It’s a sad state of affairs when Siri, Apple’s voice recognition assistant, becomes national news. But that’s exactly what happened last week when people wrongly ascribed political leanings to Apple in the wake of reports that Siri didn’t direct interested users to abortion clinics. Never mind the fact that places like Planned Parenthood don’t advertise themselves as such, but as you know, people have a proclivity for complaining about anything that might make some headlines.
Abortion nonsense aside, Siri is by all accounts useful for the vast majority of iPhone 4S users who use it. But let’s be honest, for as great as Siri is, it does comes up short in a few respects. After all, Siri, remember, is still in Beta.
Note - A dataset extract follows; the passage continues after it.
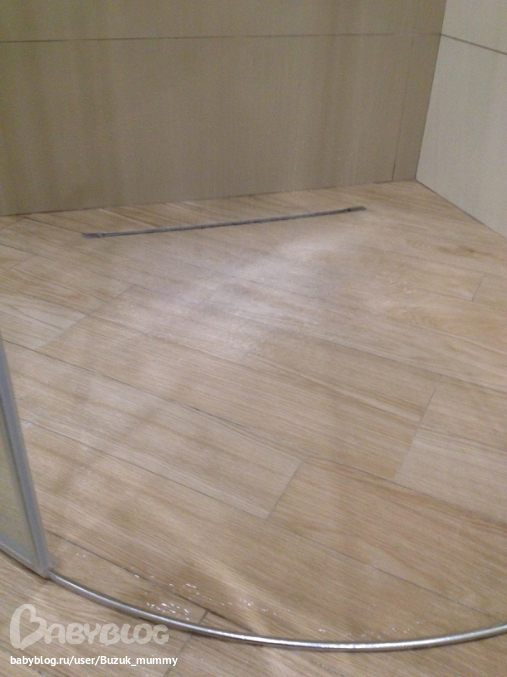 Пол в ванной единый и ровный, нет ни одного порожка, ни при входе, ни в душевой, сделана полная гидроизоляция всей комнаты. Плитку выбрали длинную по размеру, из-за этого ее было очень сложно наклонять, пришлось резать ее именно в углу, где душевая на более короткие. Наклон внешне незаметен, но вода знает свое дело :) Какие тут нюансы.. естественно в швах плитки вода остается и тонкий слой на плитке остается, далее либо смириться и ждать пока высохнет сама (так как в ванной теплый пол, то высыхает быстро), либо специальной щеточкой для стекол убрать воду.

Now some cynics were quick to accuse Apple of releasing beta software only as a means to stave off any potential disappointment with the lack of a larger screened iPhone 5. This line of reasoning, however, completely ignores the way voice recognition software works and the factors necessary for it to evolve and improve.
Benoit Maison recently wrote a blogpost detailing why a software feature like Siri necessarily should be released in Beta. With years of experience working on speech recognition at IBM, Maison explains that the key ingredient in developing world class voice recognition software is data. A helluva lot of it.
Transcribed speech recording are used to train acoustic models (how sound waveforms relate to phonemes), pronunciation lexicons (how do people actually mis-pronounce words, specially people and place names), language models (spoken phrases rarely conform to the English grammar), and natural language processors. And that for each supported language! More training data means the recognizer can handle more variations in voices, accents, manners of speech, etc.
In other words, Siri, in order to be as effective and efficient as possible, needed and needs to be trained. Extensive testing by Apple engineers might be sufficient to get it off the ground and acceptable for launch, but that by itself pales in comparison to the amount of data Apple is currently accumulating from the millions of iPhone 4S users around the globe who use Siri on a daily basis.
Siri had to be “released in its current form,” Maison concludes, “to get exposure to as much variability as possible all the way from the acoustics to the interpertation of natural language.